• Recorded information:
=== Begin Enclosure ===

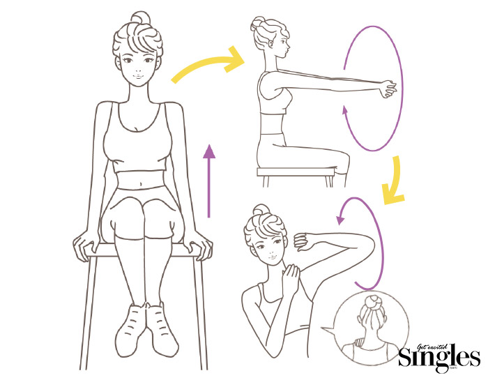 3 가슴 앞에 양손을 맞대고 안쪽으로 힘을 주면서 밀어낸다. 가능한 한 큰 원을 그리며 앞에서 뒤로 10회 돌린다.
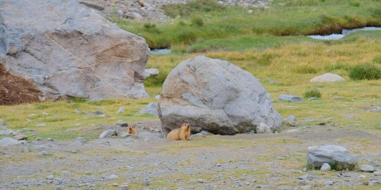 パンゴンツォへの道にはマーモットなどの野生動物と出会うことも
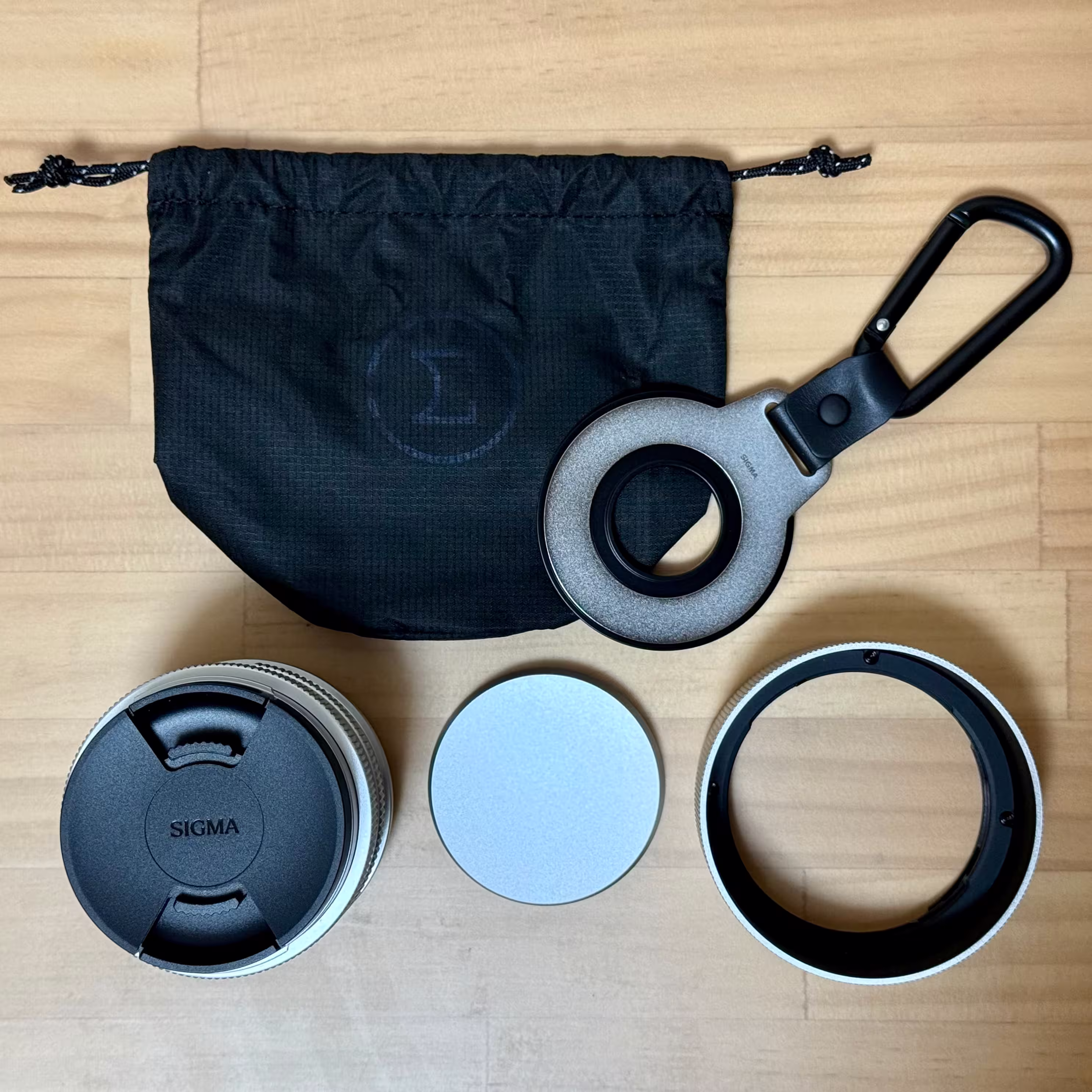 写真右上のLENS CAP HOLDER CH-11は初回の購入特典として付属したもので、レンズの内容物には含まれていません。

=== End Enclosure ===

• Required work: Give back exactly the lines from the line with "パンゴンツォへの道にはマーモットなどの野生動物と出会うことも" through the end of the material above, inclusive, with no pictures.

• Written solution:
 パンゴンツォへの道にはマーモットなどの野生動物と出会うことも
 写真右上のLENS CAP HOLDER CH-11は初回の購入特典として付属したもので、レンズの内容物には含まれていません。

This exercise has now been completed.